Filed under: Uncategorized | Tags: adaptation, change, cognition, data mining, memory, repetition, supercrunching
I used to be great at throwing a baseball. I went to a small elementary school where there weren’t enough boys to field a full team and my parents never let me sign up for Little League, but I could always find someone to play catch with at recess. These are some of my fondest memories, and I’m still friends with one of the boys I played with.
I always wondered, though, how we got it right. At age eight, we could throw accurately from distances of anywhere from ten to well over a hundred feet. We could take into account the incline of the terrain, the wind, the arc of the ball, our level of fatigue, and even the quality of our grip on the ball. If there was going to be a close play, I remember being able to anticipate how the baserunner was likely to slide and to figure out where to aim the ball for the easiest tag. All this came together in the fraction of a second before I launched the ball.

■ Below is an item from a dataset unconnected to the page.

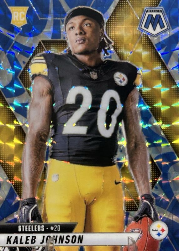 The Kaleb Johnson 2025 Mosaic #289 Rookie Variation - Reactive Blue card in Raw condition has moved up $0.26 (+26.3%) in the last 30 days and was last sold for $1.25 .

So, how could I know all this? I also had a boyhood fascination with things military and I remember how hard it seemed to get an artillery cannon to launch a shell in a way that could take a fraction of these factors into account. It involved complex equations for each variable–gravity, wind, terrain, and trajectory–and required fat reference manuals full of charts, or, later, computers.
As for throwing the baseball, though, the answer seems to be that I remembered how to do it. In other words, I had thrown a ball so many times, over so many distances, across such variable terrain, into and against the wind, etc., that my neuro-skeletal-muscular systems could draw from this experiential data and make a very good guess as to what was called for by the specific variables of a specific throw. Some neuronal circuitry converted my sensory data (distance, wind, terrain, grip, etc.) into specific instructions for muscle fibers and the proprioceptive sense that told me that I was moving correctly through space.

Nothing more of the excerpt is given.